> **Exercise**: Whenever an image turns up, omit it and return the remaining data exactly.
-- Supplied material follows --
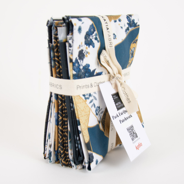Descubre la elegancia y el arte del Kintsugi con nuestro pack de 9 telas Fat Quarters Kintsugi Patch de Katia Fabrics. Este conjunto incluye 9 piezas de tela de 45 x 55 cm cada una, con un diseño inspirado en la antigua técnica japonesa de reparar cerámica con resina y polvo de oro. Los estampados presentan patrones geométricos, líneas doradas y colores sofisticados que evocan la belleza del Kintsugi. Tela fabricadas de 100% algodón y con un peso de 120 g/m². Estas telas son perfectas para proyectos de patchwork, como colchas, cojines, bolsas y otros accesorios. La combinación de colores y estampados asegura que cada creación sea única y elegante. Además, el pack viene cuidadosamente atado con un lazo de algodón de Katia Fabrics, listo para regalar o usar en tus proyectos. Explora los patrones de costura de las revistas de Katia Fabrics y los patrones online disponibles en Katia.com para encontrar ideas y modelos que complementen este exquisito pack de Fat Quarters Kintsugi Patch y crea piezas que celebran la belleza en la imperfección.
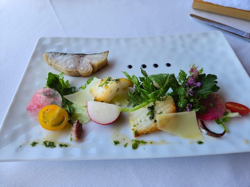 Salad of pan-fried squid and lightly smoked sawa mackerel with balsamic essence with herb vinaigrette.
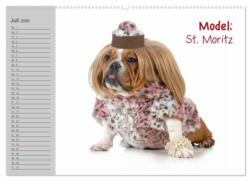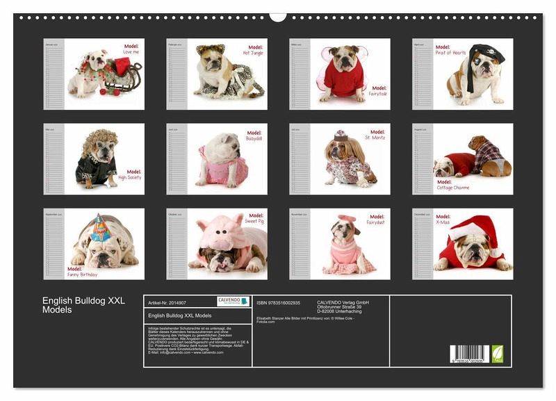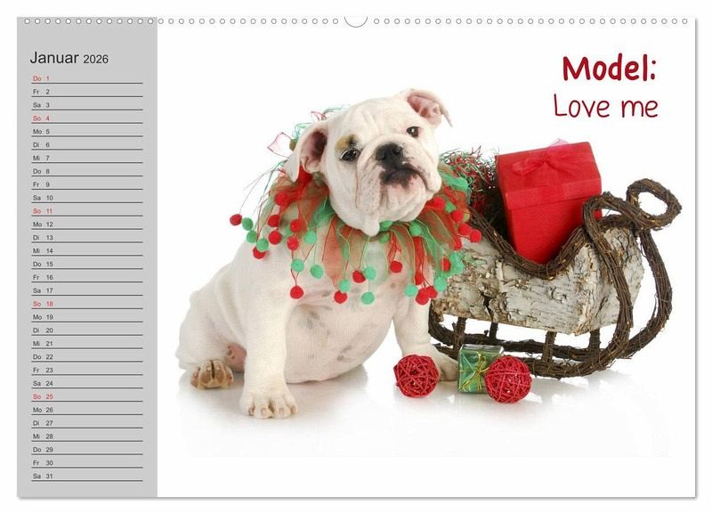 Liebliche Bilder von English Bulldog Models. Ein lustiger Planer für Freunde einer genialen Hunde-Rasse.
-- Supplied material concluded --
> **Your response**:
Descubre la elegancia y el arte del Kintsugi con nuestro pack de 9 telas Fat Quarters Kintsugi Patch de Katia Fabrics. Este conjunto incluye 9 piezas de tela de 45 x 55 cm cada una, con un diseño inspirado en la antigua técnica japonesa de reparar cerámica con resina y polvo de oro. Los estampados presentan patrones geométricos, líneas doradas y colores sofisticados que evocan la belleza del Kintsugi. Tela fabricadas de 100% algodón y con un peso de 120 g/m². Estas telas son perfectas para proyectos de patchwork, como colchas, cojines, bolsas y otros accesorios. La combinación de colores y estampados asegura que cada creación sea única y elegante. Además, el pack viene cuidadosamente atado con un lazo de algodón de Katia Fabrics, listo para regalar o usar en tus proyectos. Explora los patrones de costura de las revistas de Katia Fabrics y los patrones online disponibles en Katia.com para encontrar ideas y modelos que complementen este exquisito pack de Fat Quarters Kintsugi Patch y crea piezas que celebran la belleza en la imperfección.
 Salad of pan-fried squid and lightly smoked sawa mackerel with balsamic essence with herb vinaigrette.
 Liebliche Bilder von English Bulldog Models. Ein lustiger Planer für Freunde einer genialen Hunde-Rasse.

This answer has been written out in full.